▶ Work instructions:
Among the entries below, one stretch runs from the line that contains "Блестящие платья на" through the line that contains "2025年1月から9月までの". Repeat that stretch exactly, ends included, and only that.

START Exercise data

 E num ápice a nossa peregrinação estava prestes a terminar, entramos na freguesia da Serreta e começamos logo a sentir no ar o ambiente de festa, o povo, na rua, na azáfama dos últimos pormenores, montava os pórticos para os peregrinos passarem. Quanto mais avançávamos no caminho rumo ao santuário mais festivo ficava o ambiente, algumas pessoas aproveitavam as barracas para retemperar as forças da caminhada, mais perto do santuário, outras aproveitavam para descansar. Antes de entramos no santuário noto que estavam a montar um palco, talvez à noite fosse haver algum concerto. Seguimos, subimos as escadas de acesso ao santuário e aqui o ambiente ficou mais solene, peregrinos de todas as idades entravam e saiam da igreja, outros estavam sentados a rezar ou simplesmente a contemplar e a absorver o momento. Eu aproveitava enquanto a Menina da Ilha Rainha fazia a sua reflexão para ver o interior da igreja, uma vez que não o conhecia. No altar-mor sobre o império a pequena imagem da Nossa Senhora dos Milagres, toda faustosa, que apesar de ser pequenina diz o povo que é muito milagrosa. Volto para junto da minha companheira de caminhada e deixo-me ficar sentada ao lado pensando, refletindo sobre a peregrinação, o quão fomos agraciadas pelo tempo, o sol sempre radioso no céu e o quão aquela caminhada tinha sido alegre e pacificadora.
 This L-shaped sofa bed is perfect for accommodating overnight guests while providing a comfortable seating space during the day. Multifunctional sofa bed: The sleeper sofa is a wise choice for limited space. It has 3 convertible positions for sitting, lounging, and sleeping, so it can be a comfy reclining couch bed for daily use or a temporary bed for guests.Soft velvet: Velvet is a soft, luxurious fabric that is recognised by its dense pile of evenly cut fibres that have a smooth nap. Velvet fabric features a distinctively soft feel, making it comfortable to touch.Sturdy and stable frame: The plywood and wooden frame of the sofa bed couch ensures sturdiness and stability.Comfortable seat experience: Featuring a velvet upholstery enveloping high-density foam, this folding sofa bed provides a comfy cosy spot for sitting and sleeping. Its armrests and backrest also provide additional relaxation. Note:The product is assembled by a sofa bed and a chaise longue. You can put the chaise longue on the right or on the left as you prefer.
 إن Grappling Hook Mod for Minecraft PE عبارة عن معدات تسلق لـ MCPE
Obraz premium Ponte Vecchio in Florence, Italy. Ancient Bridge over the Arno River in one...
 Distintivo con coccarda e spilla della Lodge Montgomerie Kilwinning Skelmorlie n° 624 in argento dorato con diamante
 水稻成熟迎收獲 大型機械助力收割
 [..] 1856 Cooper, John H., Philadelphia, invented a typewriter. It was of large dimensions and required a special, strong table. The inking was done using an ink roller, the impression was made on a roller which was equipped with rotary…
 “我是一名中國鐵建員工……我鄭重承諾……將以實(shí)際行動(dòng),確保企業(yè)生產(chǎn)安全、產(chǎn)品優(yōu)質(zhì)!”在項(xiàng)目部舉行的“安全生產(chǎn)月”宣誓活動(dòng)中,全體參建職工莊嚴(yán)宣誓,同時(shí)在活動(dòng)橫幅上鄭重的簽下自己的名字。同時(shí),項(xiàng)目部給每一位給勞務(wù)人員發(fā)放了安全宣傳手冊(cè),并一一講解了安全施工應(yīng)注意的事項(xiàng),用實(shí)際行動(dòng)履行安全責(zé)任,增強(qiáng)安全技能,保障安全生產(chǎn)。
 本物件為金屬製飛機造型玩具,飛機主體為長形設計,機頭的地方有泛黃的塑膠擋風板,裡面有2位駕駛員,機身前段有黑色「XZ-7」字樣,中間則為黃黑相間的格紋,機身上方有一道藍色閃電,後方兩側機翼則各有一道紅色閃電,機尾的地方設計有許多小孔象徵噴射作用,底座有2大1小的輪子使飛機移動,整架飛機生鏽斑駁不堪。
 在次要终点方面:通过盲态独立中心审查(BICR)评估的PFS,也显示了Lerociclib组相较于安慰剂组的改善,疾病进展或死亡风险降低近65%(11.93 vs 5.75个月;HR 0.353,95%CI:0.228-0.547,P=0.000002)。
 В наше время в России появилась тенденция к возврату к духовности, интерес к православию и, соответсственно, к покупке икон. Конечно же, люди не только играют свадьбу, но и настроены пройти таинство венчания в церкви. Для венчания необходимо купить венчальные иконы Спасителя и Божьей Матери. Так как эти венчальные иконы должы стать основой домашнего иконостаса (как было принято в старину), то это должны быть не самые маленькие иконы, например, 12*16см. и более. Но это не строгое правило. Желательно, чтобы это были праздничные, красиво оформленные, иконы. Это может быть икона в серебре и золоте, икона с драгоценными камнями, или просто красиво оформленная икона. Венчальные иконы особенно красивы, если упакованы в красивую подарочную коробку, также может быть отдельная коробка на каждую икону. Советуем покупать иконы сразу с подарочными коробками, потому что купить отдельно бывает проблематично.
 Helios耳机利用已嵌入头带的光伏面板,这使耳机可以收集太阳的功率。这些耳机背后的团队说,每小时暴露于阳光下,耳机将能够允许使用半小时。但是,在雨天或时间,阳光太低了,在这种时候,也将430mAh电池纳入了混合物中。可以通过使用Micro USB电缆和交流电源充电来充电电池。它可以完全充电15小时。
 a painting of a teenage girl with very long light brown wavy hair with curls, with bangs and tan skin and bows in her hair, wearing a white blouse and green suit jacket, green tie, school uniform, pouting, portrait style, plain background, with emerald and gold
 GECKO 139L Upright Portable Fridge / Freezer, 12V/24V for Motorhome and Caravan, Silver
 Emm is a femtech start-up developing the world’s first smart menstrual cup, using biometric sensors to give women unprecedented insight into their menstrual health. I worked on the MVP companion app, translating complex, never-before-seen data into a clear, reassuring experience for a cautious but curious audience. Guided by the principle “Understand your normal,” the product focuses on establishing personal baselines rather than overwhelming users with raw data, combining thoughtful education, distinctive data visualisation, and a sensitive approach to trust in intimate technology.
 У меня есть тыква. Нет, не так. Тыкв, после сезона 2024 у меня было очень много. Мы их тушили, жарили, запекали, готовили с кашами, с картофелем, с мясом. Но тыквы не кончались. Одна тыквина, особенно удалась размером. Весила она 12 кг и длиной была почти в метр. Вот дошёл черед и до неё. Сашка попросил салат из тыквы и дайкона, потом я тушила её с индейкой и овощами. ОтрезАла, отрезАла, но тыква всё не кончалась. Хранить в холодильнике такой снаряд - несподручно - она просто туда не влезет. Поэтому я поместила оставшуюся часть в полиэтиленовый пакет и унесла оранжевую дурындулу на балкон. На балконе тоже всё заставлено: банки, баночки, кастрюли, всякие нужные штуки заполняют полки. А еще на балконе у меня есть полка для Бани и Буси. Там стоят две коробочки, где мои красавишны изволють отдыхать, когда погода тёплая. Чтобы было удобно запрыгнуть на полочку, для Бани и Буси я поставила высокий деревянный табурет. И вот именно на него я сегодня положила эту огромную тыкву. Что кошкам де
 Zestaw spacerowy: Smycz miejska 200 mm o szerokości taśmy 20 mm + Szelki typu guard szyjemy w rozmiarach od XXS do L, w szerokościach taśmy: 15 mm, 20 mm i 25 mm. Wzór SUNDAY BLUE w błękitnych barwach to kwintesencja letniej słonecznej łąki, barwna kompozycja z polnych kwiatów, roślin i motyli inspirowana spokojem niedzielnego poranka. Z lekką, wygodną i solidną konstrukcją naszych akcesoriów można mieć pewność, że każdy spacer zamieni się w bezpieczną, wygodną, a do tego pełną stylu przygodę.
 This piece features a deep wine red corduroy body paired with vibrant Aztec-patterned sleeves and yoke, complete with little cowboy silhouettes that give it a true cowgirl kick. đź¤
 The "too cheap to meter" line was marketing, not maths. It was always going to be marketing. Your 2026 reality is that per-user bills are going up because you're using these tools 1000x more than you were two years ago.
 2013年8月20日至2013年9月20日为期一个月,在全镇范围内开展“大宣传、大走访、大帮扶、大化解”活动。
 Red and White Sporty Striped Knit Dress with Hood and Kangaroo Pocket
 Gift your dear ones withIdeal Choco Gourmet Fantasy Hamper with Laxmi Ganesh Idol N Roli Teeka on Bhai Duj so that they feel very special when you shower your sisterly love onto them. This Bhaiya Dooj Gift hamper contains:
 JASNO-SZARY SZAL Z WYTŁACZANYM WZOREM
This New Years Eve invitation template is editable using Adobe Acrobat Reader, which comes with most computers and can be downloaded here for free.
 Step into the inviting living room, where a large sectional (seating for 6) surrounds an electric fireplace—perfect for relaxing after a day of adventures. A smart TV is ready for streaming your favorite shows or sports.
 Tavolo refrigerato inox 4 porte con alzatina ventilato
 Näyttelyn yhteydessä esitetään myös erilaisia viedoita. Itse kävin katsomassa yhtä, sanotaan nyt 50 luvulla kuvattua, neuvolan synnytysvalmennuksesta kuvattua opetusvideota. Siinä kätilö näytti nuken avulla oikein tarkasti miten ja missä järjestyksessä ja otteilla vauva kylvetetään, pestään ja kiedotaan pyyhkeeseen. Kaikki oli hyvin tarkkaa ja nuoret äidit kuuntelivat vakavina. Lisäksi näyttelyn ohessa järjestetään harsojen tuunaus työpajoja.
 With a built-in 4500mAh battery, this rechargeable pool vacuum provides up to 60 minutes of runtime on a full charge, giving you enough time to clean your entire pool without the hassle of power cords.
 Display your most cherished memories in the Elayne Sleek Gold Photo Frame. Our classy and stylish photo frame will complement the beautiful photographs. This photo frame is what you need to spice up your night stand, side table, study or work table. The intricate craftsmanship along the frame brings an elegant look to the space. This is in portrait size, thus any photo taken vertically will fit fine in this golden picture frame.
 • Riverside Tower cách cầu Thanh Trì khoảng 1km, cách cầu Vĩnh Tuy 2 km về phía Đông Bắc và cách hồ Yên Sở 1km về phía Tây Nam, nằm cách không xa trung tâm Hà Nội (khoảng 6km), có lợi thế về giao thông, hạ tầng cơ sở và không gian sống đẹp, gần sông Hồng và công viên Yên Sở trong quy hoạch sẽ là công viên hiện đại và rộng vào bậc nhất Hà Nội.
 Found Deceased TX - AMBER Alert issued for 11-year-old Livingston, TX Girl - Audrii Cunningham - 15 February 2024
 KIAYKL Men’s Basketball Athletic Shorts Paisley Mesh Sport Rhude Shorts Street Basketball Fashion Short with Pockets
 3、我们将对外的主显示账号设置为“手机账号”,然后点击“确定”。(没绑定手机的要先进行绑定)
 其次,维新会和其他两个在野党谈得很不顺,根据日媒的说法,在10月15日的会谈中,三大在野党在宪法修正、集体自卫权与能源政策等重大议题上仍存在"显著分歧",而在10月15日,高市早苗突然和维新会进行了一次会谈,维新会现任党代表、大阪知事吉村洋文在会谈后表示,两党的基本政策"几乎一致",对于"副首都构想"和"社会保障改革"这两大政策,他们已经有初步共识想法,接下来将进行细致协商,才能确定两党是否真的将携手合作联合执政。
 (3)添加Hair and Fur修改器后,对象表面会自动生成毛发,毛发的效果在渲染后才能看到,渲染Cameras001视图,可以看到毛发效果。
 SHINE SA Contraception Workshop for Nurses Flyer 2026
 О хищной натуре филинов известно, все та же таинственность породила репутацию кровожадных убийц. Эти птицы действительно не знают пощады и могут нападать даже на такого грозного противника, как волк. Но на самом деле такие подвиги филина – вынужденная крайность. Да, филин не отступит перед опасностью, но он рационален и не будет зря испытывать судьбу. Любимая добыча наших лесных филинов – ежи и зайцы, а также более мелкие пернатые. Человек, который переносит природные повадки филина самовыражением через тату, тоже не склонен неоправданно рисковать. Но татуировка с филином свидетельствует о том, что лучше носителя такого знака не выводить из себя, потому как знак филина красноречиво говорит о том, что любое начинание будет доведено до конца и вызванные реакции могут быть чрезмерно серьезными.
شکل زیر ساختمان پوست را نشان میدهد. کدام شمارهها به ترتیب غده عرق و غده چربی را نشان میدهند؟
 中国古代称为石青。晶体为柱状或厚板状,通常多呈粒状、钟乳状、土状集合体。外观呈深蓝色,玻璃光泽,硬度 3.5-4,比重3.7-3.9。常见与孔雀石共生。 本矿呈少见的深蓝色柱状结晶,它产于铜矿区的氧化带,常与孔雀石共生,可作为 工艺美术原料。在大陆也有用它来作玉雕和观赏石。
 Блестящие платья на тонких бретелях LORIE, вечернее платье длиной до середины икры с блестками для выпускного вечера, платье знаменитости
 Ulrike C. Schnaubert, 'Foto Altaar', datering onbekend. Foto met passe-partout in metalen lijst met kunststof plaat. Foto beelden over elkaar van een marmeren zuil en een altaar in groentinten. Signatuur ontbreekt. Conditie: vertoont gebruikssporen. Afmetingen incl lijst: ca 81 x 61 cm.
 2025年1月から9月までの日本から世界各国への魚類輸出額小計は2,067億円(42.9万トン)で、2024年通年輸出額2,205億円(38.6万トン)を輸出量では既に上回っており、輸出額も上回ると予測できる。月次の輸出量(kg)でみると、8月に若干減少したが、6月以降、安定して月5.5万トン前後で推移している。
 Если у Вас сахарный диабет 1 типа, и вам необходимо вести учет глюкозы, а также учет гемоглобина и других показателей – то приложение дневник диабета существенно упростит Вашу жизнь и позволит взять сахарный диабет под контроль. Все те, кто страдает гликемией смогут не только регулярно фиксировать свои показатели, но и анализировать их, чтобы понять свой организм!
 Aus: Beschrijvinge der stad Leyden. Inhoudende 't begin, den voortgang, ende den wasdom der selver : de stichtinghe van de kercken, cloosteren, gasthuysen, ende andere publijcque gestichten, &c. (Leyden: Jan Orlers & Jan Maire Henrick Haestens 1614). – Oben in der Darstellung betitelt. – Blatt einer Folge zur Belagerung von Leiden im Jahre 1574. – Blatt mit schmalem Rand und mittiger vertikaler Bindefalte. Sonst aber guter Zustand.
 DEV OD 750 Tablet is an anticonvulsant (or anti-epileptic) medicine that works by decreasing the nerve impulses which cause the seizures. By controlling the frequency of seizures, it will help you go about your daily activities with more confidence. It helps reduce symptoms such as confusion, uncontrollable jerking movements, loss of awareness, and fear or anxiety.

END Exercise data

▶ Solution for this problem:
 Блестящие платья на тонких бретелях LORIE, вечернее платье длиной до середины икры с блестками для выпускного вечера, платье знаменитости
 Ulrike C. Schnaubert, 'Foto Altaar', datering onbekend. Foto met passe-partout in metalen lijst met kunststof plaat. Foto beelden over elkaar van een marmeren zuil en een altaar in groentinten. Signatuur ontbreekt. Conditie: vertoont gebruikssporen. Afmetingen incl lijst: ca 81 x 61 cm.
 2025年1月から9月までの日本から世界各国への魚類輸出額小計は2,067億円(42.9万トン)で、2024年通年輸出額2,205億円(38.6万トン)を輸出量では既に上回っており、輸出額も上回ると予測できる。月次の輸出量(kg)でみると、8月に若干減少したが、6月以降、安定して月5.5万トン前後で推移している。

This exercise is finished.